Scanning electron microscope observation
The ASCS was washed with 0.1 mol l−1 Na2HPO4-NaH2PO4 (7.2) buffer for 30 s, repeated three times, then placed into 2.5% glutaraldehyde and 2% polyformaldehyde mixture for fixation for 1.5 h, rinsed with 0.1 mol l−1 na2hpo4-nah2po4 (7.2) buffer five times (15 min at each time), 50, 70, 90 and 100% ethanol was used for dehydration, dehydration with 100% ethanol three times (15 min at each time), the sample was then replaced with 100% isoamyl (containing anhydrous CaCl2) three times (10 min at each time). The samples got frozen and dry for 4 h by using freeze-drying instrument, conductive adhesive tape was put on the scanning electron microscope sample stage, the freeze-dried sample was put on the conductive tape with a toothstick and the treated samples were set under the scanning electron microscope, with magnification ascending, and then observed and photographed.
Results
Morphological observation of acellular spinal cord scaffold
The prepared ASCS was milky white, translucent and flat cylindrical. Diameter and length were slightly shorter; it had a soft texture, toughness and no odor (Figure 1a).
Myelin staining
There was no intact myelin components in the ASCS. A few of irregular myelin fragments showed in the scaffold with blue color. The myelin sheath was removed basically. There was no presence of the purple red nucleus, and the cell components were completely removed (Figure 1b).
H&E staining
Mesh structure appears on a cross section of the ASCS. Cellular components were removed completely and the nucleus with blue granules and red cytoplasmic stain has not been found. Axons and myelin sheaths were removed. The wall of the mesh hole is composed of ECM composition with pink staining; there are no cell residues inside and outside the mesh structure (Figure 2a).
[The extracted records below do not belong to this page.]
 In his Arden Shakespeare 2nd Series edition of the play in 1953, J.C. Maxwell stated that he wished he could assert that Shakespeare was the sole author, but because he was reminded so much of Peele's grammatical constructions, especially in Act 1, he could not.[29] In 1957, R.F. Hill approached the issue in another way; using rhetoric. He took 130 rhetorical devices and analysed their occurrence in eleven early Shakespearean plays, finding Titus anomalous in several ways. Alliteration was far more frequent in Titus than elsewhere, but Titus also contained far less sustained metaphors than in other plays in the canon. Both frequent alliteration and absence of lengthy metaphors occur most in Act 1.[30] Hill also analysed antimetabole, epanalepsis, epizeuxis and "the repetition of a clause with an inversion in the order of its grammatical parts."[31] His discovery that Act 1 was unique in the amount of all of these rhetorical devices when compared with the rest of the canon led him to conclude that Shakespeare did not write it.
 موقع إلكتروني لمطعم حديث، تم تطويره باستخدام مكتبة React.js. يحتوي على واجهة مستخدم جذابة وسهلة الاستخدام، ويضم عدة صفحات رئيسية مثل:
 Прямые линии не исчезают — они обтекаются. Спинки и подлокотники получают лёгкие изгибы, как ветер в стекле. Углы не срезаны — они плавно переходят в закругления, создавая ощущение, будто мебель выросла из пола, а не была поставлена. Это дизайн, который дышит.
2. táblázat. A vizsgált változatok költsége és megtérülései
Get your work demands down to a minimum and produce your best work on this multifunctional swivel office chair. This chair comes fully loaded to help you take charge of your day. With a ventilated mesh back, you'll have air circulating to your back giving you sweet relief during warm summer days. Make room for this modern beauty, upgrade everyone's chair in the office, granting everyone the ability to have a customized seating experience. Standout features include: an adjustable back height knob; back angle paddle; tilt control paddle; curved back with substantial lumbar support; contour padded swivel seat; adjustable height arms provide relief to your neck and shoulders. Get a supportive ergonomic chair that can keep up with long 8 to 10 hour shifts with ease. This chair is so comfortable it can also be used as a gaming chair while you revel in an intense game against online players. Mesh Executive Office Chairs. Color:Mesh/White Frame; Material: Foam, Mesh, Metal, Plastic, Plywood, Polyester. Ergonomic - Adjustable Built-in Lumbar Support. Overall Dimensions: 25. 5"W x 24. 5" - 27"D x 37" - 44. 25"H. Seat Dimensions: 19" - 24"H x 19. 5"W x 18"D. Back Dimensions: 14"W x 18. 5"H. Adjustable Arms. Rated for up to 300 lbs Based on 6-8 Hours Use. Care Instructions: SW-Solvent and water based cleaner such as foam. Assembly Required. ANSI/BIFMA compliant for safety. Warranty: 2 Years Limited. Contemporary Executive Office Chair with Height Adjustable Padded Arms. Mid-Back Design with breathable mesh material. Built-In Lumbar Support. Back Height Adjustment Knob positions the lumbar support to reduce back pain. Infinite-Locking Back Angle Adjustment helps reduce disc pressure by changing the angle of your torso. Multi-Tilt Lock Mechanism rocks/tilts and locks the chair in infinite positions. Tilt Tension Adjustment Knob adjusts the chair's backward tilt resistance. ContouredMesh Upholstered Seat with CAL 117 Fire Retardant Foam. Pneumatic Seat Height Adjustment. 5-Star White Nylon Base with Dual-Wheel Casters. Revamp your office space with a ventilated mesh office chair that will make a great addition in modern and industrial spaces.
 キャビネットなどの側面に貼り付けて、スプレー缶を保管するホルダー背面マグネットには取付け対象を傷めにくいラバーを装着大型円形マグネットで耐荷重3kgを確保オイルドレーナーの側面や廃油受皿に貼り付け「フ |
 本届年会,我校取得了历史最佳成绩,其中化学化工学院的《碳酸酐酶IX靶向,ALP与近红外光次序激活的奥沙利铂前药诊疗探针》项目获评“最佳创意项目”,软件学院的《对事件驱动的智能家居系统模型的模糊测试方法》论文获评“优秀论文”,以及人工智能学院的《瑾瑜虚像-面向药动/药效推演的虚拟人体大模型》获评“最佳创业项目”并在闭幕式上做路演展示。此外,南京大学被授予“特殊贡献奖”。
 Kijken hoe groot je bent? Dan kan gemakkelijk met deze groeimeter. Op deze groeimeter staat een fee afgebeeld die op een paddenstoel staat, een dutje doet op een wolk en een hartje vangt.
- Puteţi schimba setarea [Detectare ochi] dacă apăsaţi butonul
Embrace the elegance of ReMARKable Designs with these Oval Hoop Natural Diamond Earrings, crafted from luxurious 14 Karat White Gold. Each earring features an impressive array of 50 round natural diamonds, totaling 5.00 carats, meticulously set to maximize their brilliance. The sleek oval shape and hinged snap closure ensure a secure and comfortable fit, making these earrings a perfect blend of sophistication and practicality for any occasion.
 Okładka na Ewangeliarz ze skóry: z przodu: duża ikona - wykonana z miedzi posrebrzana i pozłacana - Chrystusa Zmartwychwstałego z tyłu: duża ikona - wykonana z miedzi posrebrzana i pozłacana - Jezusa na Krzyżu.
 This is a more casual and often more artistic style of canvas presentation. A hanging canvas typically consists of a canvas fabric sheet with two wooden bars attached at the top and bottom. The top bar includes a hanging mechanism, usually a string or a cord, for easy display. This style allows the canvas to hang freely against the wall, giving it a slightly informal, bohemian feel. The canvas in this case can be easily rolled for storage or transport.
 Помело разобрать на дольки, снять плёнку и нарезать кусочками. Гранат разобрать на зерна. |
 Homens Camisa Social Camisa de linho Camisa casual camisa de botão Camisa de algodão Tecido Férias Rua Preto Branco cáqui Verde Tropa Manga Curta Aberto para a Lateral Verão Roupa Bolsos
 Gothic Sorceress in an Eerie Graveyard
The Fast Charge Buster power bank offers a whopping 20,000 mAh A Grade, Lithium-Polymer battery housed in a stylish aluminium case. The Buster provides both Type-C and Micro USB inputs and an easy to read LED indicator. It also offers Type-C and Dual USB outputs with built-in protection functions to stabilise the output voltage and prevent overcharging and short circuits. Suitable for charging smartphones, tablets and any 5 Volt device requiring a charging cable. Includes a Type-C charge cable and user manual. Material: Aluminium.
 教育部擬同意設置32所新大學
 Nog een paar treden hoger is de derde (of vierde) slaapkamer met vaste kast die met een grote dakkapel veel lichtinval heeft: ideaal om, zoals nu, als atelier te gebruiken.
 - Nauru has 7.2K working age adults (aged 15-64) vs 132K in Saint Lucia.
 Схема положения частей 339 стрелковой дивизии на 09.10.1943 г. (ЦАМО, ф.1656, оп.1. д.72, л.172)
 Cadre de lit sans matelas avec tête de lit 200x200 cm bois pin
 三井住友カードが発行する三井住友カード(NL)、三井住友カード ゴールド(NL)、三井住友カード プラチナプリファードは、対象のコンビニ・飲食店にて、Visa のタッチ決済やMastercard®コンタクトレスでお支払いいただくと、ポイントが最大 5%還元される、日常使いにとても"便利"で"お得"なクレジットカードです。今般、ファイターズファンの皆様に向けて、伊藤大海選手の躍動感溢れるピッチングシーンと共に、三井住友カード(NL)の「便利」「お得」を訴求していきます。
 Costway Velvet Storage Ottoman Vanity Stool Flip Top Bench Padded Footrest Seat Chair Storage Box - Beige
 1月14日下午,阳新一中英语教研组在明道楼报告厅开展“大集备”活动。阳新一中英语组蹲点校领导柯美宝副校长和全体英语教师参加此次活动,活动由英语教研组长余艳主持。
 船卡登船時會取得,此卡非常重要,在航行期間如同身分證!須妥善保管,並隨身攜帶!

After hematoxylin and eosin staining of co-culture, the spinal cord neurons adhered to the pore structure of the ASCS, and the cells grew well in the 3D channel of the scaffold to form the region of cell aggregation, which will not influence the spatial structure of the ASCS. This means that there is good biocompatibility and adaptability between the implanted neurons and the scaffold (Figure 2b).
Tissue DNA detection
After the detection of DNA agarose gel electrophoresis, no DNA bands were detected in the prepared ASCS. This means the cell components were completely removed (Figure 3).
Observation of neuron cell morphology and Immunohistochemistry
The spinal cord neuron showed round shape after digestion. Twenty-four hours after being inoculated in the culture plate, the cells were attached to the bottom of the plate and showed irregular shape. Few of the cells that suspend in the medium showed a round shape. Those attached cells grew faster and gradually covered the whole bottom of the plate. The cells showed an irregular shape, and some of them showed fusiform shape (Figure 4a).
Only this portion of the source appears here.